Java.lang.RuntimeException:TimedOutException () atcom.alibaba.dw.cassandra.hadoop.ColumnFamilyRecordReader$RowIterator.maybeInit (ColumnFamilyRecordReader.java:125) atcom.alibaba.dw.cassandra.hadoop.ColumnFamilyRecordReader$RowIterator.computeNext (ColumnFamilyRecordReader.java:164) atcom.alibaba.dw.cassandra.hadoop.ColumnFamilyRecordReader$RowIterator.computeNext (ColumnFamilyRecordReader.java:1) atcom.google.common.collect.AbstractIterator.tryToComputeNext (AbstractIterator.java:135) atcom.google.common.collect.AbstractIterator.hasNext (AbstractIterator.java:130) atcom.alibaba.dw.cassandra.hadoop.ColumnFamilyRecordReader.next (ColumnFamilyRecordReader Java: 224) atcom.alibaba.dw.cassandra.hadoop.ColumnFamilyRecordReader.next (ColumnFamilyRecordReader.java:1) atorg.apache.hadoop.mapred.MapTask$TrackedRecordReader.moveToNext (MapTask.java:192) atorg.apache.hadoop.mapred.MapTask$TrackedRecordReader.next (MapTask.java:176) atorg.apache.hadoop.mapred.MapRunner.run (MapRunner.java:48) atorg.apache.hadoop.mapred.MapTask.run (MapTask.java:342) atorg.apache.hadoop.mapred.Child.main (Child.java:158) Causedby:TimedOutException () Atorg.apache.cassandra.thrift.Cassandra$get_range_slices_result.read (Cassandra.java:11015) atorg.apache.cassandra.thrift.Cassandra$Client.recv_get_range_slices (Cassandra.java:623) atorg.apache.cassandra.thrift.Cassandra$Client.get_range_slices (Cassandra.java:597) atcom.alibaba.dw.cassandra.hadoop.ColumnFamilyRecordReader$RowIterator.maybeInit (ColumnFamilyRecordReader.java:108)... 11more

The cause of this problem is the failure to read data from Cassandra using ThriftAPI. So we can optimize this code to provide the desired error handling to provide the availability of the program.

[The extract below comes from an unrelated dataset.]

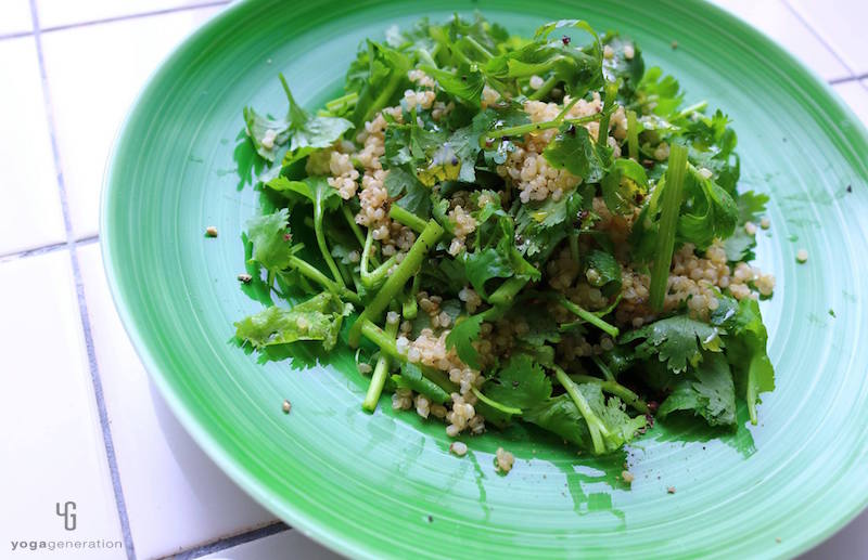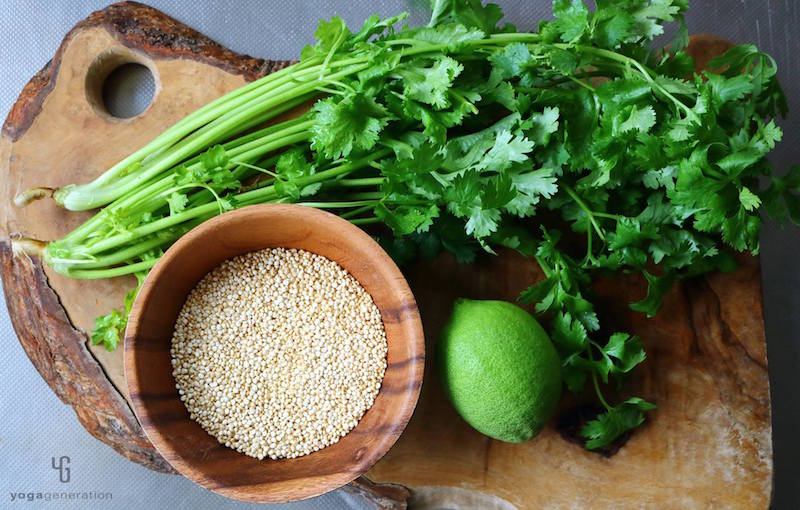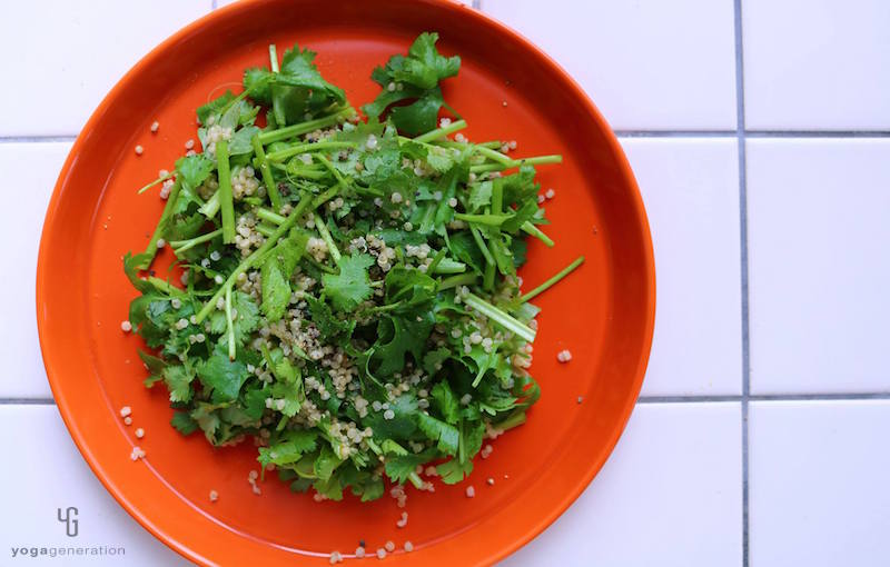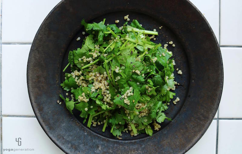 キヌアは細かいザルでさっと洗う。厚手の鍋に入れて、キヌアの倍量の水を加えて蓋をし弱火で20分ほど火にかける。20分後に全体を素早く混ぜ合わせ、すぐに蓋をして10分ほど蒸す。火が通ったら広げて冷ます。 -

The above is all the contents of the article "how to realize the Integration of Cassandra and Hadoop MapReduce". Thank you for reading! Hope to share the content to help you, more related knowledge, welcome to follow the industry information channel!

Welcome to subscribe "Shulou Technology Information " to get latest news, interesting things and hot topics in the IT industry, and controls the hottest and latest Internet news, technology news and IT industry trends.

*The comments in the above article only represent the author's personal views and do not represent the views and positions of this website. If you have more insights, please feel free to contribute and share.